> INFORMATION PROVIDED:
___

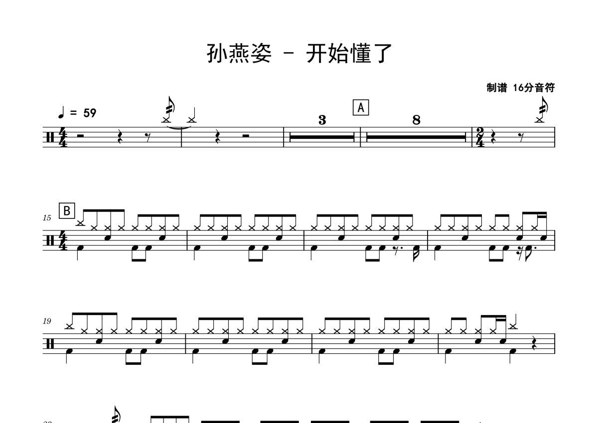 《开始懂了》是孙燕姿演唱的一首歌曲,拍号为4/4拍,歌曲速度为每分钟59拍,这份鼓谱共有两张高清图谱,图谱由 @老虎不说谎 编配上传,图谱使用五线谱编配,使用这份开始懂了架子鼓谱,你将能够轻松地敲打出这首孙燕姿的开始懂了,快来尝试吧。
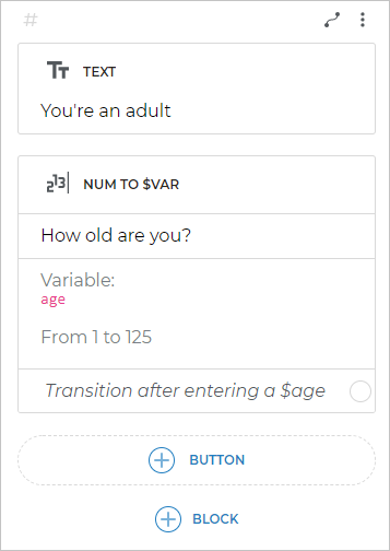 For example, the num to $var block will save the number client enters to the $number variable:
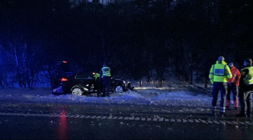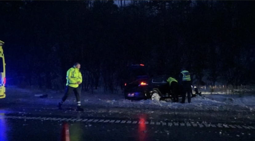 På billeder fra Presse-fotos.dks udsendte ses en bil være kørt i grøften, hvor redningspersonale står omkring bilen.

___

> TASK DESCRIPTION: Only the pictures are to be left out; copy all the remaining material above exactly.

> WRITTEN ANSWER:
 《开始懂了》是孙燕姿演唱的一首歌曲,拍号为4/4拍,歌曲速度为每分钟59拍,这份鼓谱共有两张高清图谱,图谱由 @老虎不说谎 编配上传,图谱使用五线谱编配,使用这份开始懂了架子鼓谱,你将能够轻松地敲打出这首孙燕姿的开始懂了,快来尝试吧。
 For example, the num to $var block will save the number client enters to the $number variable:
 På billeder fra Presse-fotos.dks udsendte ses en bil være kørt i grøften, hvor redningspersonale står omkring bilen.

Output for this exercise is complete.